After years of constant public activity performed by ASSAF and associate organizations, the Ministry of Labor, Social Affairs and Social Services has formulated a policy to assist only three groups of vulnerable asylum seekers: women victims of domestic violence, persons with disability and homeless persons. According to the ministry’s policy, these groups will only be catered to by emergency out-of-home placements (shelters for women victims of violence and institutions for persons with disabilities and homeless persons), instead of community based solutions that could prevent escalation and allow these vulnerable people to maintain their home and community lives (for example, through domestic violence prevention centers and occupational rehabilitation programs). 

Professionals, including those at the Ministry of Social Services, disagree with the existing policy, recommending that community based services must be accessible to vulnerable asylum seekers. Community based institutions can reduce the need for emergency solutions and lower state expenses, but most importantly, they are necessary to allow vulnerable asylum seekers to lead the most independent lives possible.

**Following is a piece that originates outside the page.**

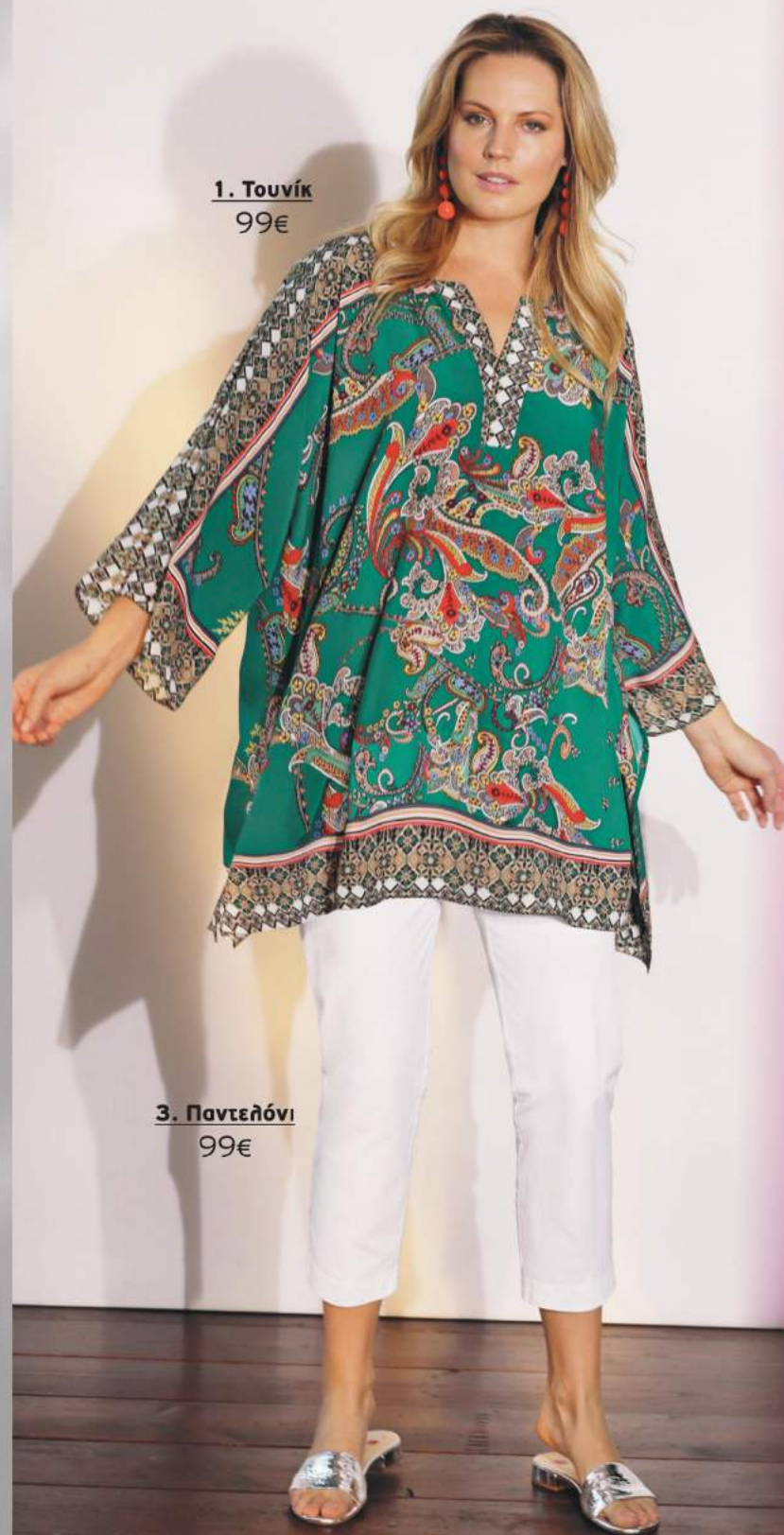
1. Τουνίκ 99€

Μεγέθη: 42, 44, 46, 48, 50, 52, 54, 56, 58, 60 660 046 20 Λευκό 99€

Moreover, even the social welfare services that must be provided for the above three groups according to the ministry’s policy are only partially provided. Field work performed by ASSAF shows that there are major gaps between the policy presented by the Ministry of Social Services and its actual implementation: some of the members of above stated groups receive no placement in institutions; there are many cases when the suggested institution is not adequate to fill the specific needs of the person requiring aid; the allocated budget was only partially used and is now decreasing further; and the applications for placements are processed slowly, over the course of months, sometimes arriving at a dead end when institutions refuse to admit disabled or homeless asylum seekers as they have no health insurance. 

Therefore, the aid currently provided for vulnerable asylum seekers by the state is not at all sufficient and is only granted in extreme cases, and not even in all of those. It only includes out-of-home placement solutions while asylum seekers need community based aid, which will be more effective and cost less. Most importantly, it is the help that most vulnerable asylum seekers really need. The majority of vulnerable asylum seekers remain helpless and their distress is not eased. They are denied the most basic right to dignity and are left to poverty, instability and anxiety with no basic livelihood security. 

These are the recommendations made by ASSAF to change the situation: 

  1. The state must open the doors to social welfare services at local authorities and allow all vulnerable asylum seekers to apply for aid in the community. 
  2. At the very least, the state must ensure that all social services departments are available for the three groups of vulnerable asylum seekers that are already included in the Ministry of Social Services’ policy – women victims of violence, homeless and disabled persons, and that the services available to them will include aid and support in the community, most importantly: 

– Occupational rehabilitation and day centers 

– Designated shelter for homeless asylum seekers 

– Centers for prevention of domestic violence 

  1. The state must arrange subsidized health insurance plans for adult asylum seekers, thus allowing them to receive the social welfare services that they are in need of, and first of all – the pending out-of-home placements.